To keep up with industry changes and needs, BYU opened four new majors this fall semester. Meet the new degrees:
With 1 million cybersecurity jobs available in the United States, demand for a corresponding major was high. The new cybersecurity major builds on the current information-technology major, which has already been emphasizing cybersecurity in various classes. Cybersecurity graduates can work in government agencies, analyze data-driven forensics, and run penetration testing for companies, among other employment opportunities.
“There is a real need for people with great technical skills and high ethical standards, and that’s where our students fit in,” says Derek L. Hansen (BA ’98), professor of information technology and cybersecurity.
Major: Editing and Publishing
The new editing and publishing major prepares students for professional and freelance careers through a deeper understanding of English linguistics. After graduation, editing and publishing majors may find themselves working as editors, writers, technical communicators, public-relations specialists, or legal professionals.
“The linguistics and editing faculty have been working on the proposal for this major for years,” says Alan D. Manning (BA ’84), professor of linguistics and English language. “We’re excited to see how it plays out for the students, how much deeper understanding of linguistic structure can add to editing students’ skill sets.”

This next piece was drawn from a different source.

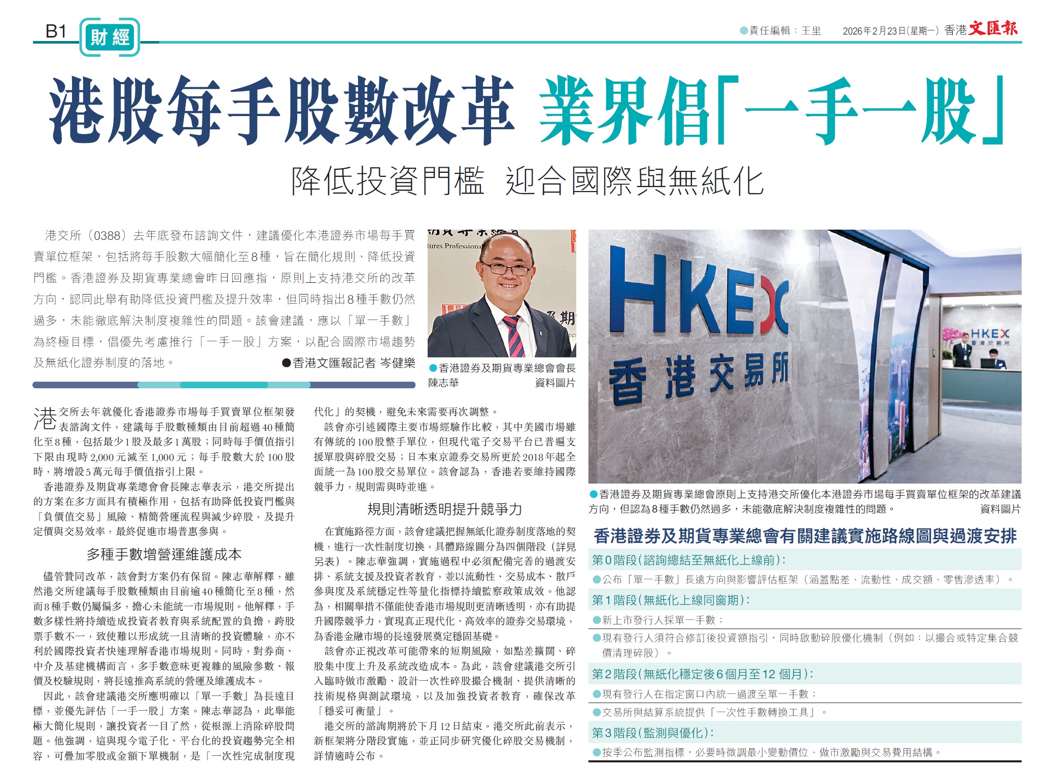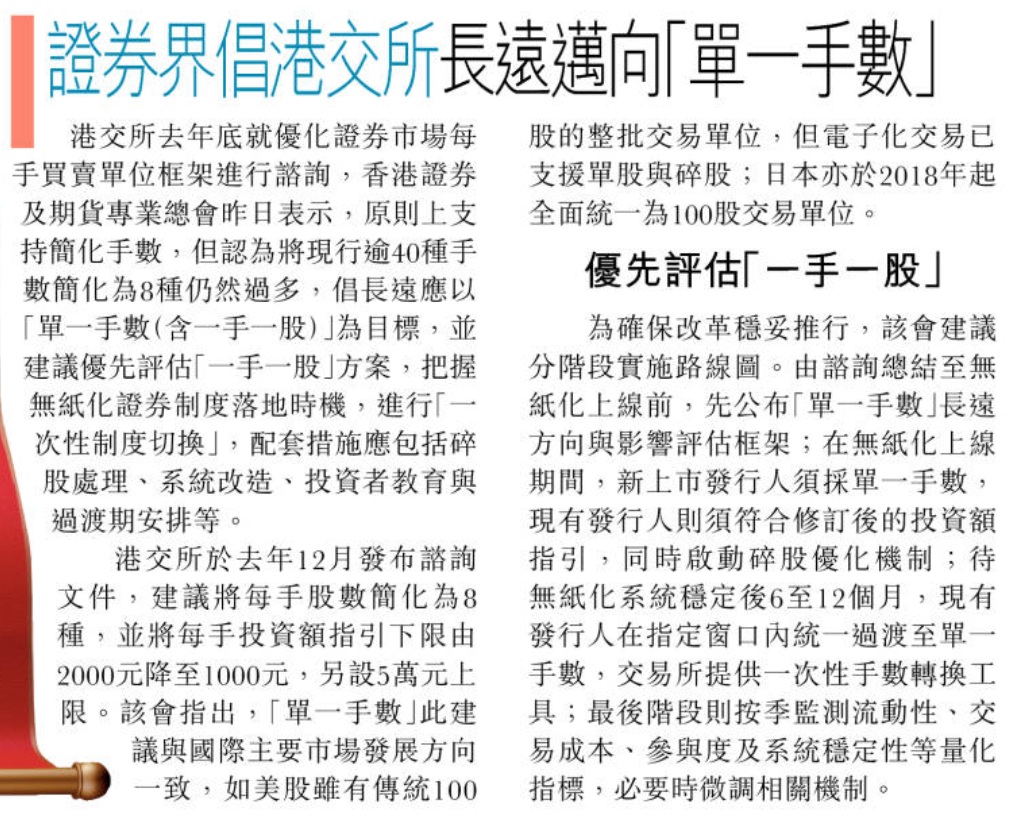 2026-02-23 文汇报 港股每手股数改革 业界倡「一手一股」 降低投资门槛 迎合国际与无纸化 (相片)

College: Physical and Mathematical Sciences
In the digital age, businesses like Google, Netflix, Amazon, and Walmart need a way to make sense of the overwhelming amount of data they collect about their clients. Many companies are looking to hire statisticians who have additional experience with computer programming. Cue the new data science emphasis.
“This emphasis will help graduates qualify for more jobs by helping them to develop skills both in statistical methods as well as in computer science and programming so that they are better able to communicate effectively on data-science teams,” says Shannon Neeley Tass (BS ’01, MS ’03), an associate professor and curriculum committee chair in the Department of Statistics.
College: Fine Arts and Communications
Distinct from the existing graphic-design BFA program, the new, limited-enrollment design major provides broad understanding of design principles and theory that will prepare graduates to work in fields such as user-experience design, design of virtual- and augmented-reality environments, and digital storytelling, including hybrids of animation and gaming.
“The program . . . allows [students]to explore emerging sub-disciplines such as design thinking and user- experience design,” says Eric A. Gillett (BFA ’91), chair of the Department of Design.